11. What We Are Still Learning 🧐
This approach has worked well so far, through internal launch and adoption within OpenAI. Building a real product for real users has helped ground our investments in reality and guide us toward long-term maintainability.
What we do not yet know is how architectural coherence will evolve over years in a fully agent-generated system. We are still learning where human judgment adds the most leverage and how to encode that judgment so it compounds. We also do not know how this system will evolve as models become increasingly capable over time.
What has become clear is that building software still requires discipline — but that discipline now manifests more in scaffolding than in code. The tools, abstractions, and feedback loops that keep a codebase consistent are becoming increasingly important.

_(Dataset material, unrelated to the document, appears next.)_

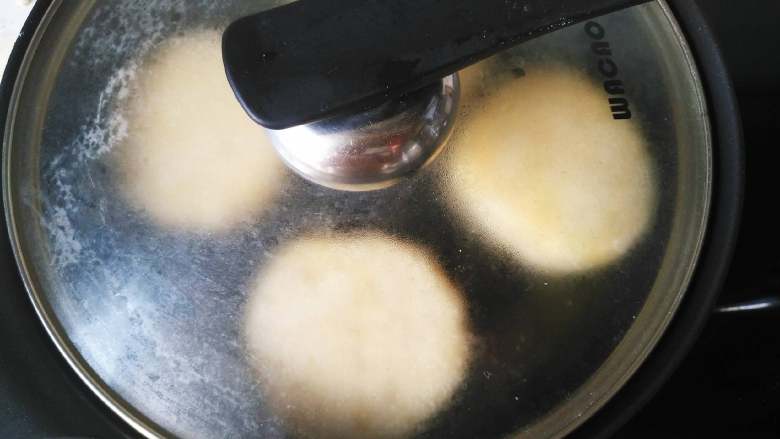 22. 不粘锅里放适量油,将饼坯放入锅里,小火煎

"Our hardest challenges are now concentrated in designing the environments, feedback loops, and control systems that help agents achieve our goals — namely, building and maintaining complex, reliable software at scale."
As agents like Codex take on a larger share of the software lifecycle, these questions will only grow more important. We hope sharing our early lessons helps you reason about where to invest your own efforts so that you can just build, too. 🛠️
Conclusion 🌟
OpenAI's "harness engineering" experiment demonstrates a transformative shift in the software development paradigm. With Codex agents handling every step of development and no manual coding involved, the engineer's role has shifted from writing code to designing agent environments and building feedback loops — producing a dramatic increase in development velocity. By prioritizing "agent readability," systematizing the repository's knowledge base, and enforcing architectural invariants, agents have acquired substantial autonomy: they can handle the full cycle from bug reproduction to feature implementation to PR merge. This experience suggests that the future of software development will evolve toward saving human time and maximizing efficiency, heralding a new era in which human creative judgment and agent execution power work in synergy.